- Died: 1552
- Noble family: Vinstorpa
- Spouses: Erik Karlsson (Vasa) Erik Eriksson (Gyllenstierna)
- Father: Karl Bengtsson (Vinstorpa)
- Mother: Karin Lagesdotter Sparre

= Anna Karlsdotter =

Swedish noble and landholder (died 1552)

Anna Karlsdotter (Vinstorpa) (died 1552), was a Swedish noble and landholder. By her daughter Ebba Eriksdotter Vasa, she was the maternal grandmother of Queen Margaret Leijonhufvud and thereby great-grandmother of King John III of Sweden and King Charles IX of Sweden. She is remembered as one of several possible people later identified with the famous legend of Pintorpafrun.

==Biography==
Anna Karlsdotter was the daughter of noble riksråd Karl Bengtsson (1454-1495) of the Vinstorpa family and Katarina "Karin" Lagesdotter Sparre (d. 1493), and sister of knight and riksråd Örjan Karlsson (d. 1500).

In 1488, she married riksråd lord Erik Karlsson Vasa of Stäkeholm and Rumlaborg, a cousin of Erik Johansson Vasa, father of Gustav I of Sweden. She became a widow when her husband was shot in 1491 for harassing a priest.
In 1492, she remarried Erik Eriksson Gyllenstierna the Younger, who was lynched in 1502 for having capitulated to the Danes at Älvsborg. She had many children, among them Ebba Eriksdotter Vasa and Margareta von Melen.

Upon the death of her childless brother, she became the last descendant of the Vinstorpa family III, and the heir of the family estates. After having been widowed a second time, she bought the manor Pinntorp in Södermanland in 1508, and devoted the rest of her life to the management of her estates. In addition to the estates she inherited, she expanded her lands by acquired more and more land in Västergötland over a period of almost fifty years, and became a very substantial, rich and noted landowner. In 1520, for example, her son-in-law borrowed money from her to be able to lodge her daughter Ebba and their children in Västerås Abbey while he attended the coronation in Stockholm, something that saved them from the Stockholm Bloodbath. Upon the marriage of her granddaughter Margaret Leijonhufvud to the king in 1536, she benefited as did all the relatives of Margaret and was granted land and privileges such as the right to certain taxes and fines from the king.

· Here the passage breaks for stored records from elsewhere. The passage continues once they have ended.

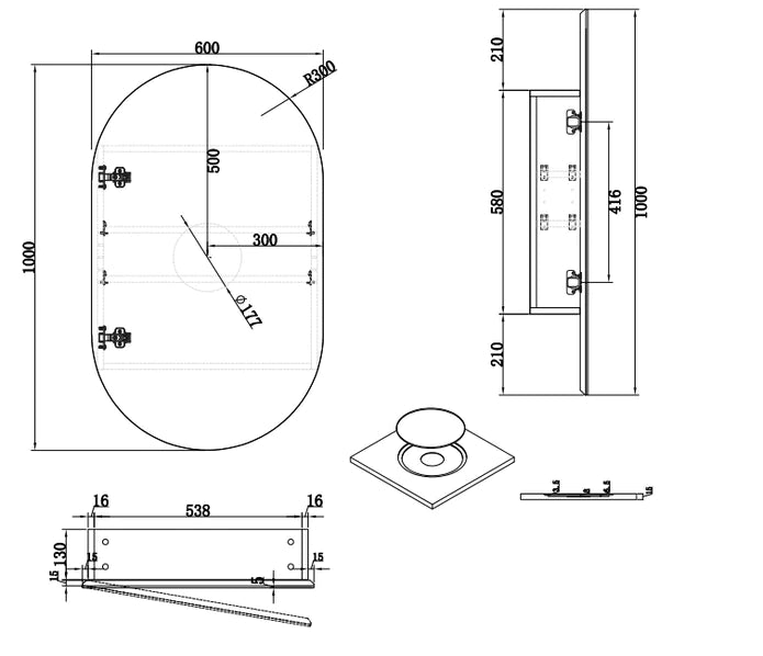 Cassa Designs Elli Pill 600mm Shaving Cabinet
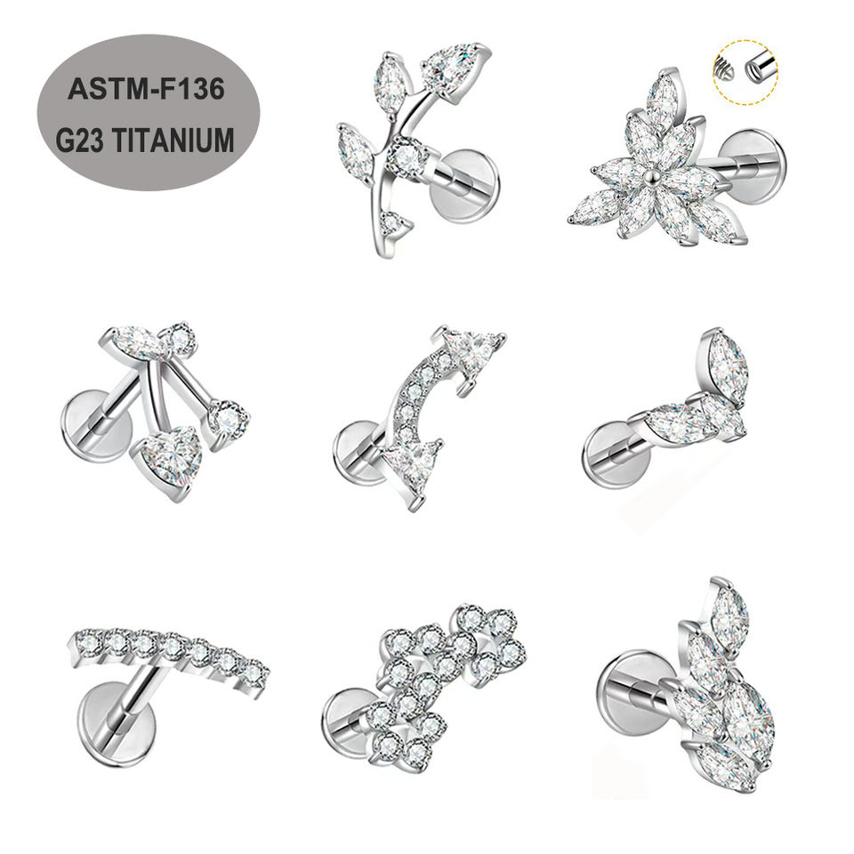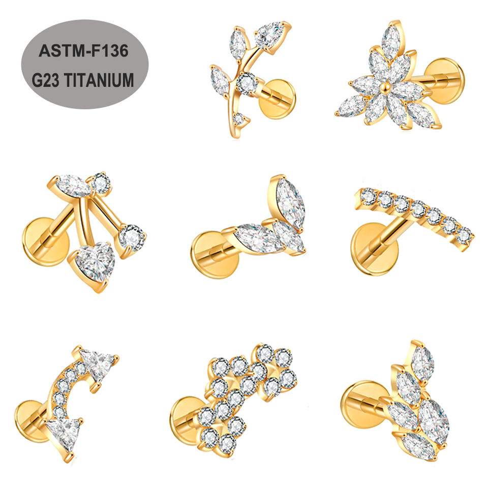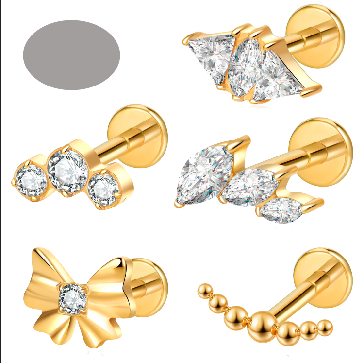 ASTM F136 titanio Labret anillo bisel conjunto oro plata labio Piercing Tragus pendientes cuerpo joyería mujeres hombres boda compromiso regalo
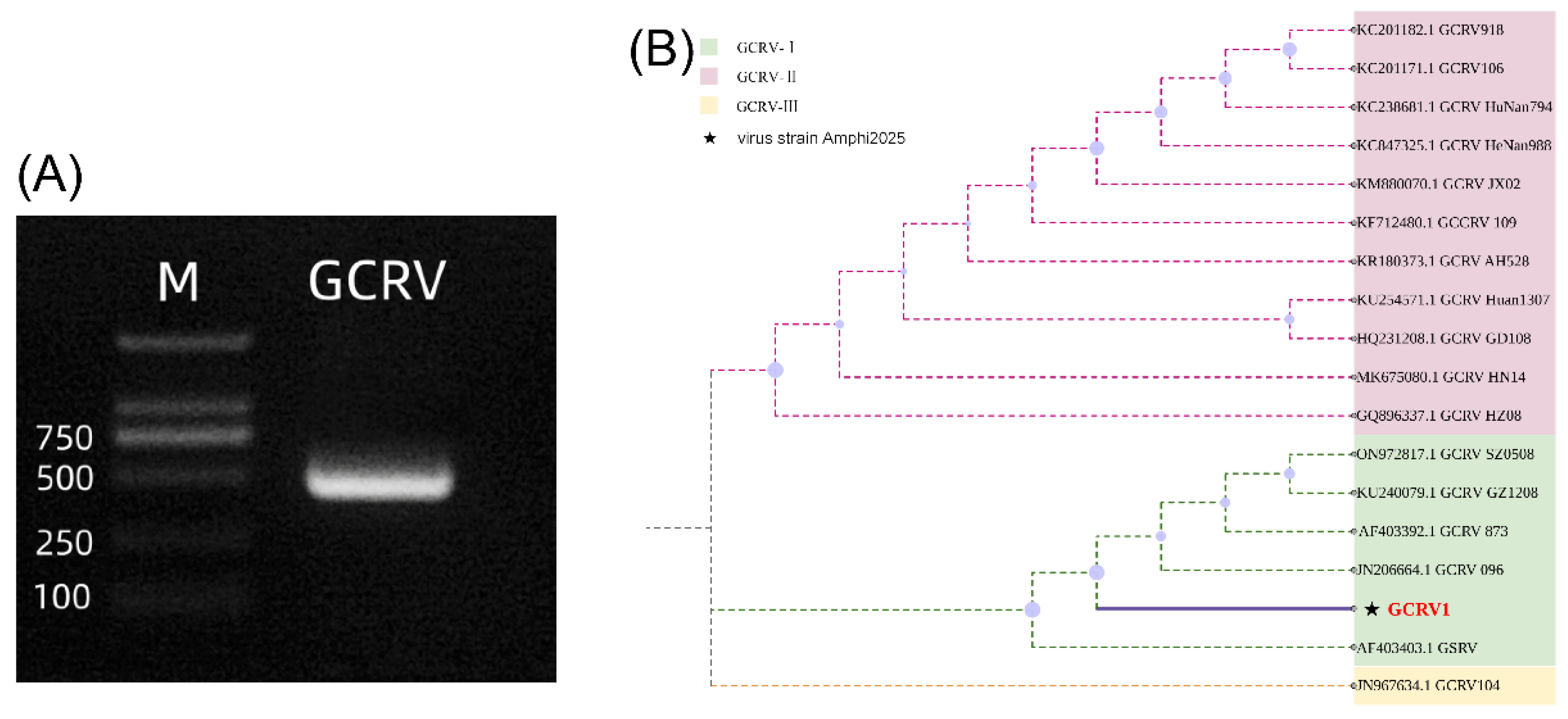 Lin, J.; Yang, M.; Yang, H.; Ji, G.; Liu, Z. First Investigation of Grass Carp Reovirus (GCRV) Infection in Amphioxus: Insights into Pathological Effects, Transmission, and Transcriptomic Responses. Viruses 2025, 17, 1367. https://doi.org/10.3390/v17101367

As a landowner, Anna has been pointed out as one of the possible people identified with pintorpafrun, the infamous "Pintorpa lady" known for torturing her tenants to death. While she did own the estate Pintorpa, there are no sources which portray her as cruel, and a more likely person behind the pintorpafrun is Barbro Eriksdotter (Bielke). She was however known for being a firm and tough businessperson, who did not hesitate to involve in conflict and court cases over inheritance and land disputes in her accumulation of land, and during the 1520s, she was reportedly involved in a number of court cases over land with several members of the royal council. In contrast to her daughter Ebba Eriksdotter Vasa and granddaughter Margaret Leijonhufvud, lady Anna does not appear to have been a supporter of the Catholic church. In her business ambitions, she took advantage of the new law introduced by the Swedish Reformation, which allowed for people to retract property donated to the church by their ancestors in accordance with the Reduction of Gustav I of Sweden, and confiscated property from the Skara Church by retracting the donation letters, on her own accord and without asking for the necessary permit from the king, "more or less by force, but was ordered in a strict letter from the King to give it back to His Majesty". She was also reprimanded by the king for having expanded her estates and founded more farms than she was allowed to, thereby having intruded on both the land of the king as well as the common land of the peasantry.